В тесной, неприбранной
— Кто он такой? Сутенер?
— Брат. Гарри, выйди.
Постель широка и несвежа. Джи — большая сухая кошка, она вытворяет невиданные вещи. Она — маньяк, больной, извращенный до дикости человек… Все тело Пилота облепила прозрачная, вонючая пленка.
— У тебя есть душ?
Смыв с себя пленку, Пилот спускается в бар.
— Двойное виски… Повторите.
Работает телевизор: сегодня в Питтсбурге юная мать задушила своего малютку — она сошла с ума; в Париже прошла премьера нашего супербоевика «Возвращение Иисуса» — зрители растерзали экран; спорт: чемпионка Америки по борьбе Джейн Фитч в финальном поединке разорвала половой орган претендентки на звание чемпионки Мейбл Джексон, Фитч арестована, все материалы по уголовному делу будут передаваться только через нашу программу — смотрите нашу программу!
— Бармен, налей тому бородатому виски.
Телевизор: из ФБР просочились важные сведения: в течении месяца в Далласе орудовала советская шпионка, она прилетела на звездолете и приземлилась на одном из вспомогательных космодромов в штате Техас — неслыханная наглость русских.
— Ну, как моя сестренка?
— Мерзость.
— Надо уважать чужой труд. Я вот лишен возможности трудиться. Можно сигарету?
— Бери.
— Сам бы пошел на панель, но нет подготовки. Везде требуются профессионалы.
— Купи пушку.
— Э-э-э. Послушай. Неподалеку имеется премиленький голубой притончик. Только там можно попробовать евнуха. Я проведу. За 50 долларов.
Глянув в глаза бородатого Гарри, Пилот трясет головой.
— Не мешай смотреть телевизор.
Последние новости: киноактер Дональд Клейн уличен в развращении группы подростков известных фамилий, ему грозит пожизненное заключение; в центре Рокфеллера коммунисты разогнали демонстрацию партии юных неогуманистов, убито три человека. «Фея сбросила с себя одеяло. Она такая жаркая. И всегда спит без сорочки. Сейчас свернулась калачиком, обняла себя. У нее посветлело лицо. И улыбка посветлела. Совершенно пусто в голове! Что-то чугунное долбит в легких. Блевать хочется. Ноги неплохо вытанцовывают.»
— Эй, дядя! Тебе трудно идти. Надо выбросить лишнее… Всего-то 100 долларов. Ну, ничего. Теперь-то доберешься. Счастливо!
«Сопляки! Напейтесь водки. Посетите проститутку и купите на 100 долларов сифилис. Тьфу. Невозможно тошнит.»
— А-а-а-а-а.
«Нет. Сегодня мне не дурно: пусто и ничего не видать, и надо потихоньку топать к Фее. Снова тошнит. Хорошо! Поблюю еще раз за тем углом.»
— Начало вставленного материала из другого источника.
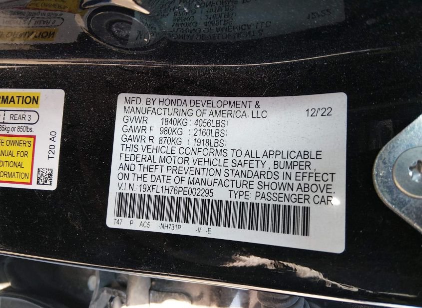 - VIN: 19XFL1H76PE002295

Пилота кто-то догоняет, обнимает за плечи и ведет вперед. Они поднимаются по лестнице. Дверь открыта. На пороге стоит Фея.
— Тебе плохо, Пилот?
Она раздевает его, осторожно заворачивает в одеяло. Зарывшись носом в феину грудь, обняв талию Феи, Пилот по-ребячьи засыпает.
6
Утро. Прохладно, светло и чуточку грустно. Пилот не уходит.
— Я соскучилась по тебе. Ты никуда не пойдешь? Мы посидим сегодня дома?
Пилот — на диване. Фея в комнате наводит порядок.
— Я придумала себе новое платье. Посмотри!
Платье легко и прозрачно. Фея в нем тонка и почти бестелесна.
— Мне не узнать тебя, Фея!
— Вот такое платье! Ты знаешь, я познакомилась с нашей соседкой. Она очень умна. Мы навестим ее. Да? Ты посмотри, как принялись мои цветы. Они с астероида. Ты очень удивился им тогда. Помнишь? Хорошо, давай помолчим.
Фея устраивается рядом с Пилотом. Ее рука на его плече. Другую руку она поднимает. Истончаются, худеют на ней пальцы. Льются из них тихие, плавные звуки. Звуки — это маленький, плотный сиреневый шар над столом. Он растет, густо заполняет пространство. И поплыли в мажорной, спокойной мелодии стол и диван, книжный шкаф и сервант. Расплавились стены, потолок, пол. Пилот успокаивается, успокаивается, успокаивается… Резкое, страшное в своей немоте перекосило весь мир. Скользит чудесная мелодия… Но это было. И оно повторяется — немое, ужасное, вырывающее перепонки звучание в недрах чудесной мелодии. И комната преобразилась — аморфная сиреневая неощущаемая обольстительная масса. Скользит куда-то мелодия чудес.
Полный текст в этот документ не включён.